Dies ergebe sich aus dem Wortlaut des § 44 Abs. 1 S. 1 SGB X, wonach ein Verwaltungsakt, auch nachdem er unanfechtbar geworden ist, mit Wirkung für die Vergangenheit zurückzunehmen sei, soweit sich im Einzelfall ergebe, dass bei Erlass des Verwaltungsaktes das Recht unrichtig angewandt oder von einem Sachverhalt ausgegangen worden sei, der sich als unrichtig erweise, und soweit deshalb Sozialleistungen zu Unrecht nicht erbracht oder Beiträge zu Unrecht erhoben worden seien.

Fraglich sei, inwieweit die Vorschrift anzuwenden sei, wenn der Beklagte Erstattungsforderungen geltend mache, die auf der endgültigen Festsetzung von Leistungen beruhten. Das Bundessozialgericht stelle für den Anwendungsbereich der Vorschrift auf den Unterhaltscharakter von Sozialleistungen ab und halte es, weil der Gesetzgeber mit der Vorschrift lediglich die materiell-rechtliche Begrenzung rückwirkender Leistungsansprüche prinzipiell habe regeln wollen, nach dem Zweck der Vorschrift nicht für gerechtfertigt, sie auch auf Fälle auszudehnen, in denen es nicht um rückwirkend zu erbringende Sozialleistungen gehe. Eine analoge Übertragung der Regelung auf die Rücknahme von Aufhebungs- und Erstattungsbescheiden komme daher nicht in Betracht. Dies gelte auch, wenn der Leistungsberechtigte die ursprüngliche Erstattungsforderung beglichen habe (Hinweis auf BSG vom 13.02.2014 – B 4 AS 19/13 R).

Zwar begehrten die Kläger auch die Reduzierung geltend gemachter Erstattungsbeträge. Der vorliegende Fall sei jedoch nicht vergleichbar mit dem von dem Bundessozialgericht entschiedenen Fall, da die Kläger tatsächlich nicht die Überprüfung von Aufhebungs- und Erstattungsbescheiden im Sinne der §§ 44 ff. SGB X, sondern von endgültigen Festsetzungsbescheiden nach vorläufiger Leistungsbewilligung nach § 328 SGB III i.V.m. § 40 Abs. 2 Ziffer 1 SGB II begehrten. Ihr Ziel – die Reduzierung von Erstattungsbeträgen – komme letztendlich der Nachforderung weiterer, aus ihrer Sicht rechtwidrig vorenthaltener Sozialleistungen gleich. Ihr Begehren richte sich damit nicht gegen ein Einbehalten rechtswidrig erlangter Erstattungsbeträge aufgrund der rechtswidrigen Aufhebung eines Verwaltungsaktes durch den Beklagten. Denn erst mit den endgültigen Festsetzungsbescheiden habe der Beklagte Verwaltungsakte erlassen, auf die die Vorschriften der §§ 44 ff. SGB X Anwendung finden.

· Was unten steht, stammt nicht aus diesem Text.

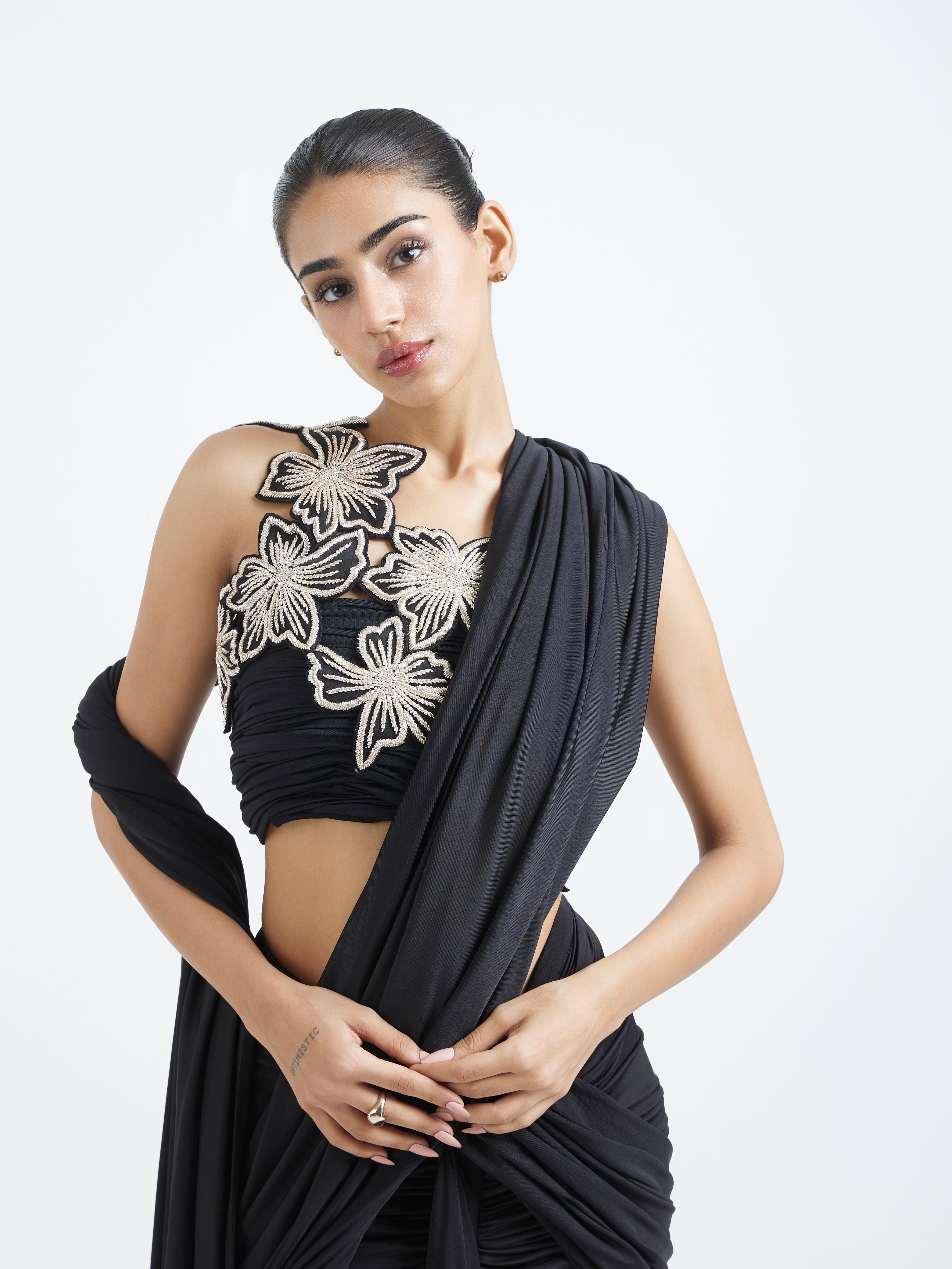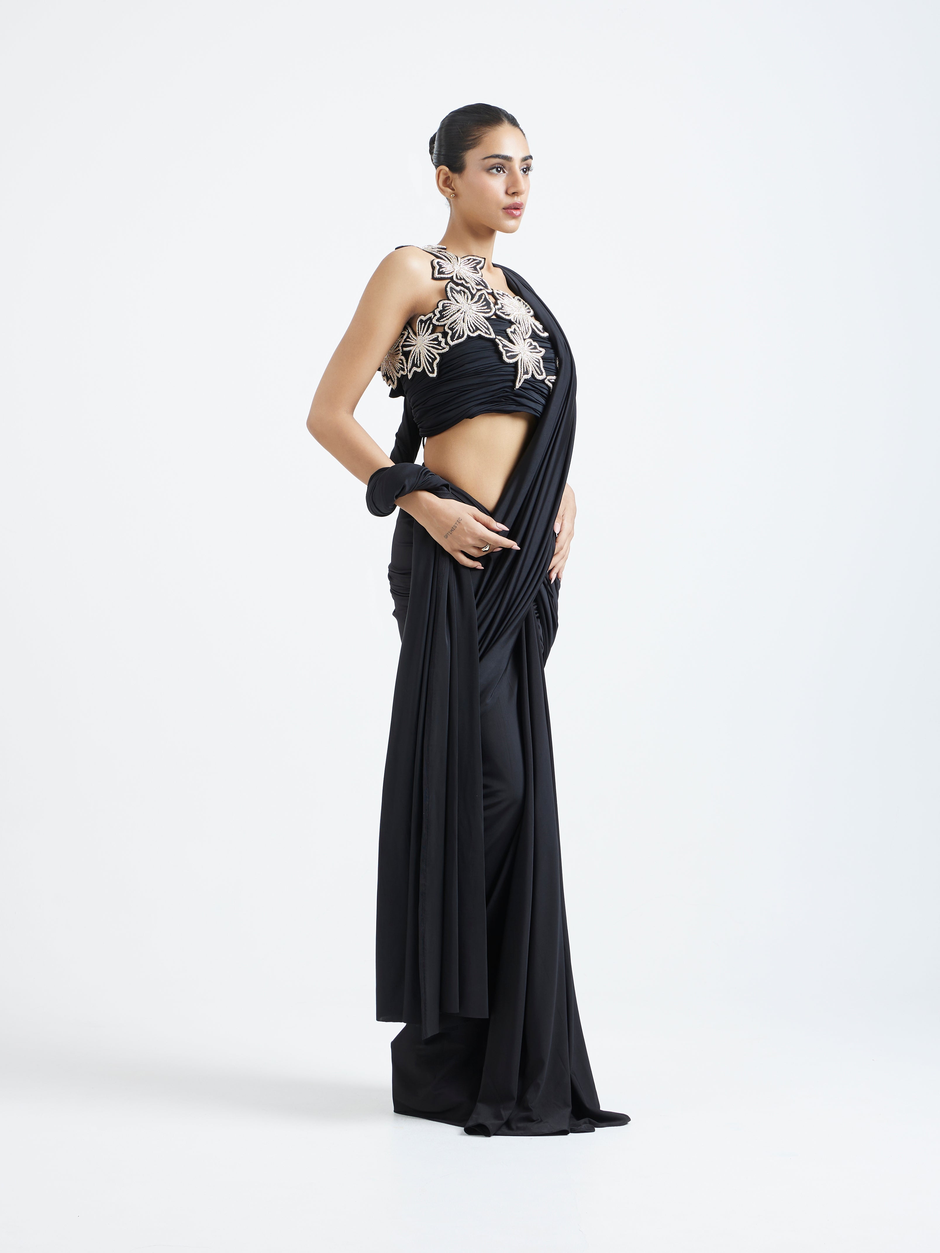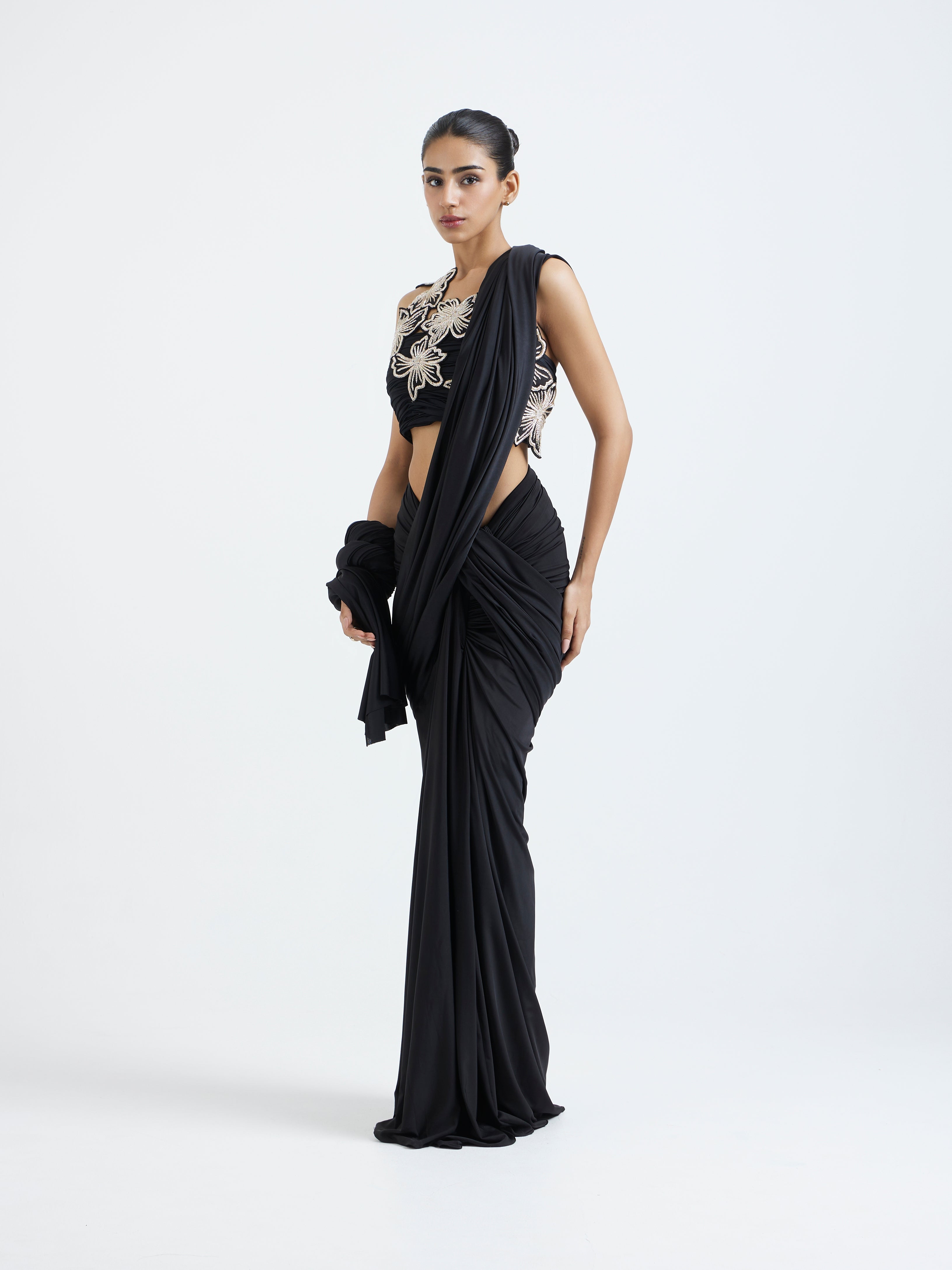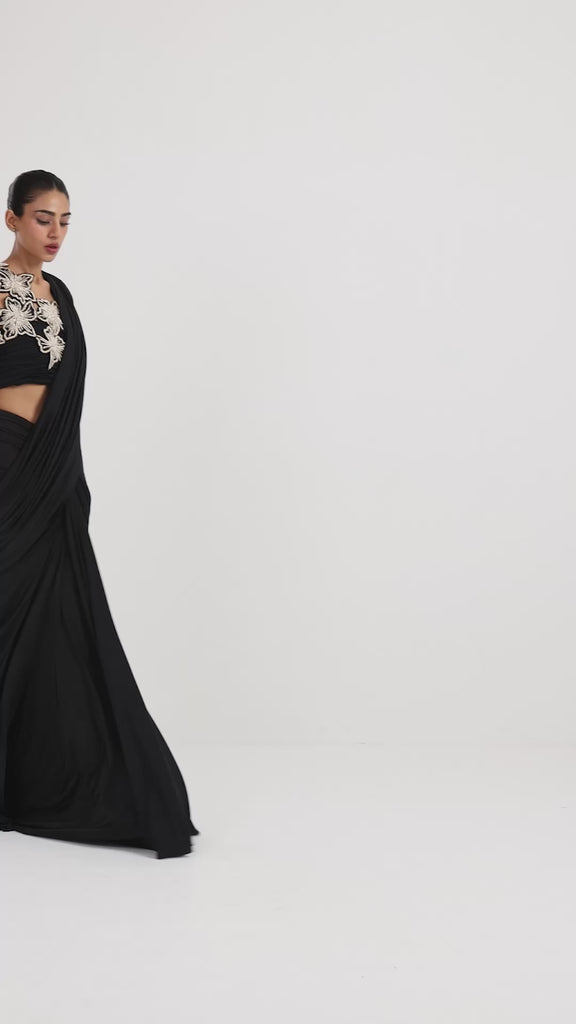 The detachable pallu adds movement and versatility, allowing you to style it as lightly or as dramatically as you prefer. The highlight of the ensemble is the intricate zardozi-embroidered overlay, creating a refined contrast against the sleek black base. Elegant, modern, and impeccably detailed—this piece is crafted for occasions that call for understated luxury with a touch of tradition.

Die Erstattungsregelung in § 41a Abs. 6 S. 3 SGB II stelle eine lex specialis gegenüber § 50 SGB X dar. Die Verwaltung habe hinsichtlich der Rückforderung kein Ermessen auszuüben und der Erstattungspflichtige könne sich auch nicht auf Vertrauensschutz berufen. Erst mit den endgültigen Festsetzungsbescheiden vom 05.04.2017 und 06.07.2017 lägen Verwaltungsakte vor, auf die § 44 Abs. 1 SGB X anzuwenden seien. Die mit den Erstattungsbescheiden vom 15.02.2018 und 24.07.2018 einhergehende Erstattungsforderung sei nicht gleichzusetzen mit der Erstattungsforderung gem. § 50 Abs. 1 SGB X, die auf einem Aufhebungsbescheid gem. § 44 ff. SGB X beruhe, durch den bereits abschließend bewilligte Leistungen rückwirkend aufgehoben werden. Dagegen könne hier eine „Rückgewähr“ geleisteter Erstattungsbeträge nur erfolgreich durchgesetzt werden, wenn der Beklagte zunächst zur Bewilligung höherer Leistungen verpflichtet werde. Im Gegensatz zur Rücknahme eines rechtswidrigen Aufhebungsbescheides nach § 44 Abs. 1 SGB X, die unmittelbar zu einem Leistungsanspruch aus dem rechtswidrig aufgehobenen Bewilligungsbescheid führt, liege im Falle einer Aufhebung eines endgültigen Festsetzungsbescheides kein bestandskräftiger Bewilligungsbescheid vor, der einen Leistungsanspruch begründe. Daran werde ersichtlich, dass letztendlich das Begehren der Kläger auf die Bewilligung bisher nicht zugesprochener Sozialleistungen gerichtet sei. Damit finde die Verfallklausel des § 44 Abs. 4 S. 1 SGB X i.V.m. § 40 Abs. 1 S. 2 SGB II hier Anwendung.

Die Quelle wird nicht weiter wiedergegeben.